* **EXERCISE PROMPT**:
What is needed here is an exact repetition of the records below, beginning at the line that has "Từ sớm đến chiều, các" and stopping after the line that has "(b) Apply battery".

* **EXCERPTED DATA**:
= = = = = = =

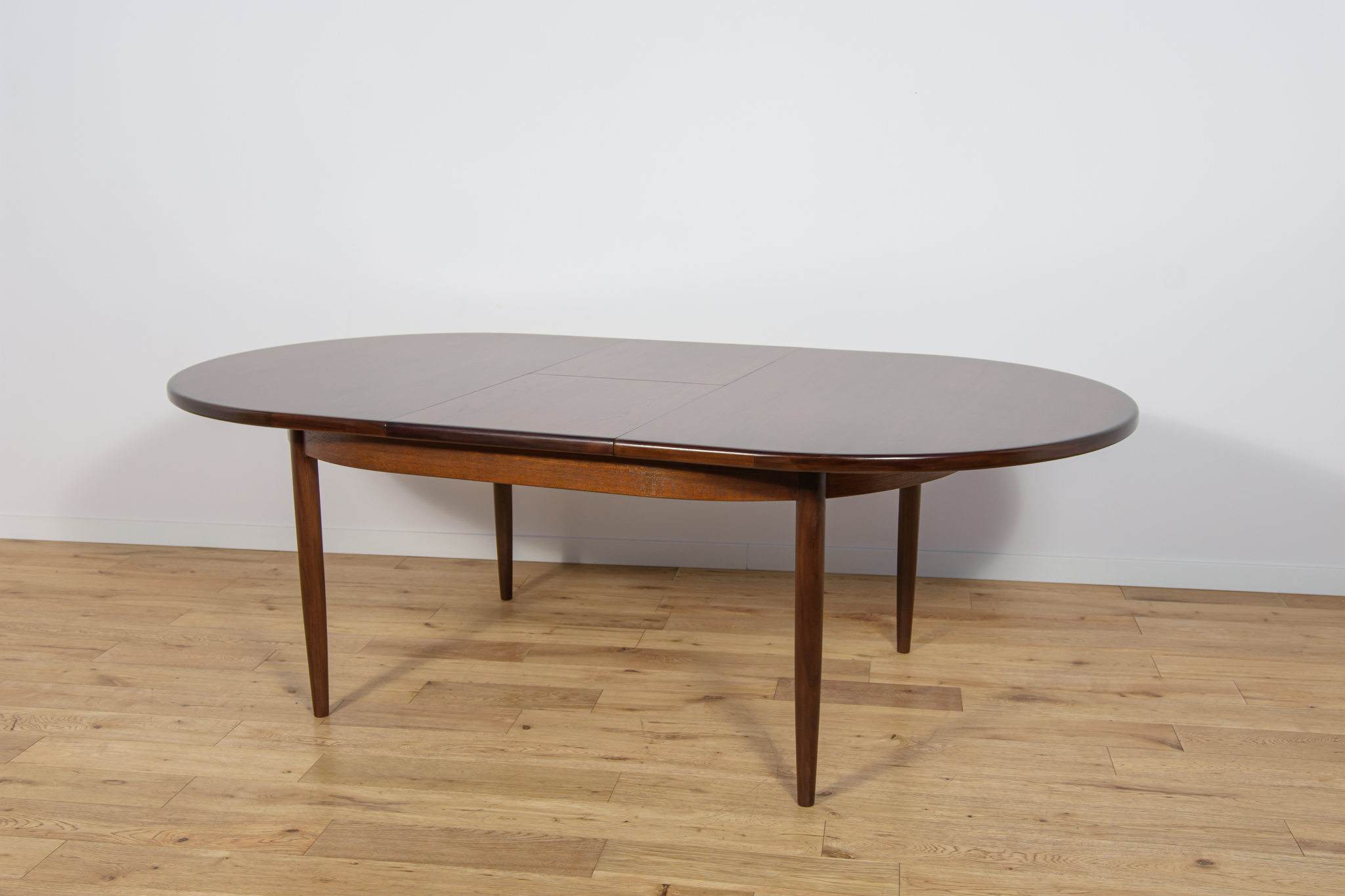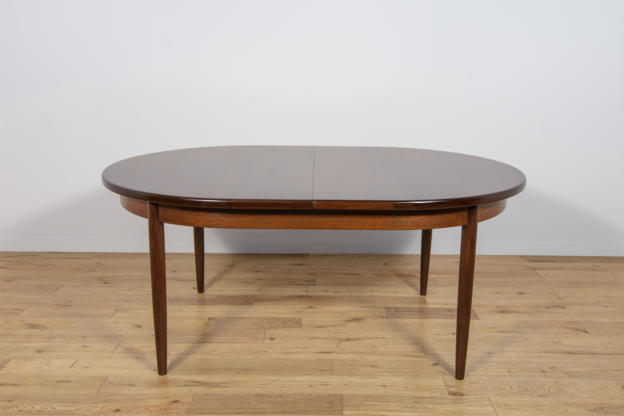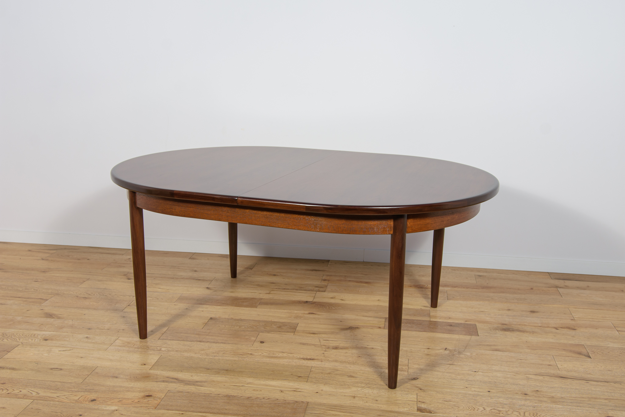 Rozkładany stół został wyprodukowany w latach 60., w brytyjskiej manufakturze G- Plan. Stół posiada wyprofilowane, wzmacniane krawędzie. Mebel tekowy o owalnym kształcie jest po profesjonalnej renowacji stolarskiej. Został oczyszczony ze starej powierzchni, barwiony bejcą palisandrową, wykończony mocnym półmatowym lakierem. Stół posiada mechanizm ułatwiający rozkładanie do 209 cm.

= = = = = = =

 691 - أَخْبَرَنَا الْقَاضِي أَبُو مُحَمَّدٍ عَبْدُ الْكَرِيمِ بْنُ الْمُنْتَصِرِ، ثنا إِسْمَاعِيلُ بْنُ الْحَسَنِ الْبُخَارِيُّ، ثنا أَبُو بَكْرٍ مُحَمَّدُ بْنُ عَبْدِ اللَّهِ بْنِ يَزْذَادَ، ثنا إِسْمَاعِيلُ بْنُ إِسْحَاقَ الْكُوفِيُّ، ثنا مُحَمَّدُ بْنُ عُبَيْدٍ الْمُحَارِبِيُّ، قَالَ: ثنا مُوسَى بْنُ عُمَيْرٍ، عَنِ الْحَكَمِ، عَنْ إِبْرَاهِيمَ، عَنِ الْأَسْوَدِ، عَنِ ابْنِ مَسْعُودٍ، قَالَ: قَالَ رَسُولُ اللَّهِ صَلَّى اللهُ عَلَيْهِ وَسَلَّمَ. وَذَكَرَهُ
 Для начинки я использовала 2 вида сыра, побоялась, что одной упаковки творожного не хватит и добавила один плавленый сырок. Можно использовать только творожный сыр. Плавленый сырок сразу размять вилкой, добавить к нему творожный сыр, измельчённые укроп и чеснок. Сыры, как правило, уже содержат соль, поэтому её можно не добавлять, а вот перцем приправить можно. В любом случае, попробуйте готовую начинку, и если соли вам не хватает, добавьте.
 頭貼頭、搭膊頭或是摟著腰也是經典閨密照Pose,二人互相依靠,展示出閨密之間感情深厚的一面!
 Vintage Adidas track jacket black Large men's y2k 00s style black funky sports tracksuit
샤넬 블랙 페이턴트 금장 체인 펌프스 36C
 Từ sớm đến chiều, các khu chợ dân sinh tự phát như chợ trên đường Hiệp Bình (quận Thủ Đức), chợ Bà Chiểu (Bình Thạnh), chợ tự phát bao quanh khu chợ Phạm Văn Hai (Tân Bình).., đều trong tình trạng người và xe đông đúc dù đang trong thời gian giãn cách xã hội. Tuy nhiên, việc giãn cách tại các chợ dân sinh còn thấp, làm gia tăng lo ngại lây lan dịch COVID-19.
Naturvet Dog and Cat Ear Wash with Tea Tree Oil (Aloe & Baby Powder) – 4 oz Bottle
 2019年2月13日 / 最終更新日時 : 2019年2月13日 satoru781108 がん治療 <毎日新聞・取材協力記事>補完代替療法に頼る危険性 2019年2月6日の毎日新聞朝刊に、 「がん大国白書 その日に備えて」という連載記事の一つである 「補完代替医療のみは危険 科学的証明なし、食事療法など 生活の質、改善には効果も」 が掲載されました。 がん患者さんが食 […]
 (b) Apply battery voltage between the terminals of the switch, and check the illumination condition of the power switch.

= = = = = = =

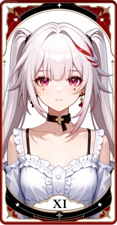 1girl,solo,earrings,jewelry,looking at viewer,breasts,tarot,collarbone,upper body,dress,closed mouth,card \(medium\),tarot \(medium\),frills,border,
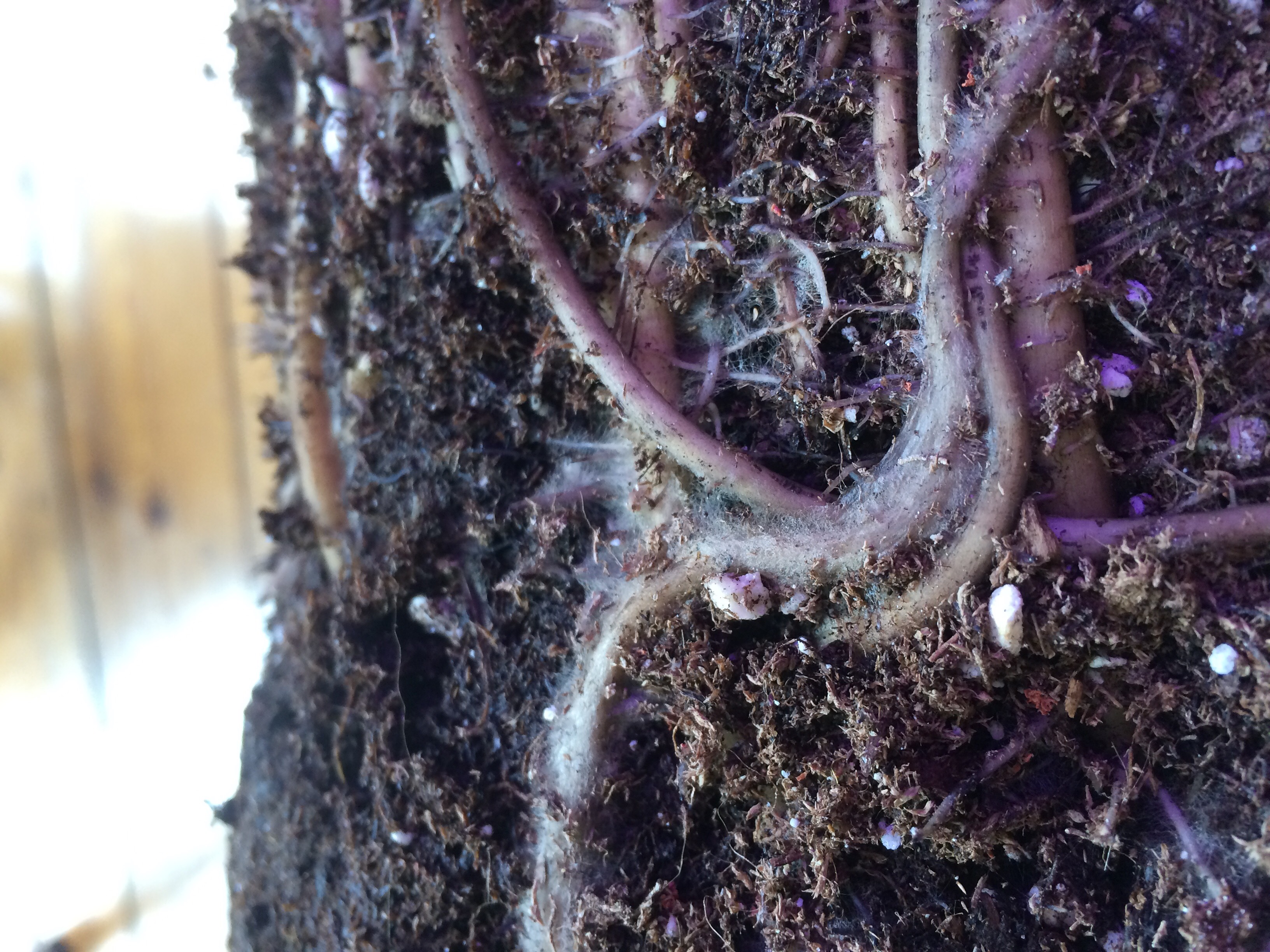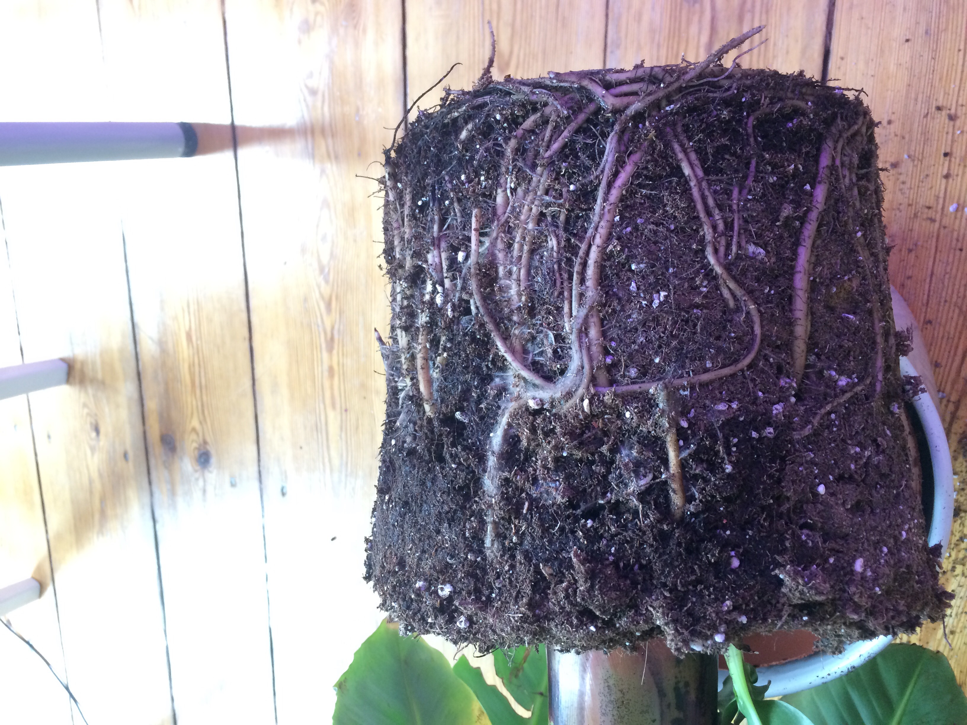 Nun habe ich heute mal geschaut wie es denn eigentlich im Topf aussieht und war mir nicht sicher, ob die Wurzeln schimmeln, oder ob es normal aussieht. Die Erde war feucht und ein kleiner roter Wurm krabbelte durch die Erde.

= = = = = = =

* **REPLY TO THE EXERCISE**:
 Từ sớm đến chiều, các khu chợ dân sinh tự phát như chợ trên đường Hiệp Bình (quận Thủ Đức), chợ Bà Chiểu (Bình Thạnh), chợ tự phát bao quanh khu chợ Phạm Văn Hai (Tân Bình).., đều trong tình trạng người và xe đông đúc dù đang trong thời gian giãn cách xã hội. Tuy nhiên, việc giãn cách tại các chợ dân sinh còn thấp, làm gia tăng lo ngại lây lan dịch COVID-19.
Naturvet Dog and Cat Ear Wash with Tea Tree Oil (Aloe & Baby Powder) – 4 oz Bottle
 2019年2月13日 / 最終更新日時 : 2019年2月13日 satoru781108 がん治療 <毎日新聞・取材協力記事>補完代替療法に頼る危険性 2019年2月6日の毎日新聞朝刊に、 「がん大国白書 その日に備えて」という連載記事の一つである 「補完代替医療のみは危険 科学的証明なし、食事療法など 生活の質、改善には効果も」 が掲載されました。 がん患者さんが食 […]
 (b) Apply battery voltage between the terminals of the switch, and check the illumination condition of the power switch.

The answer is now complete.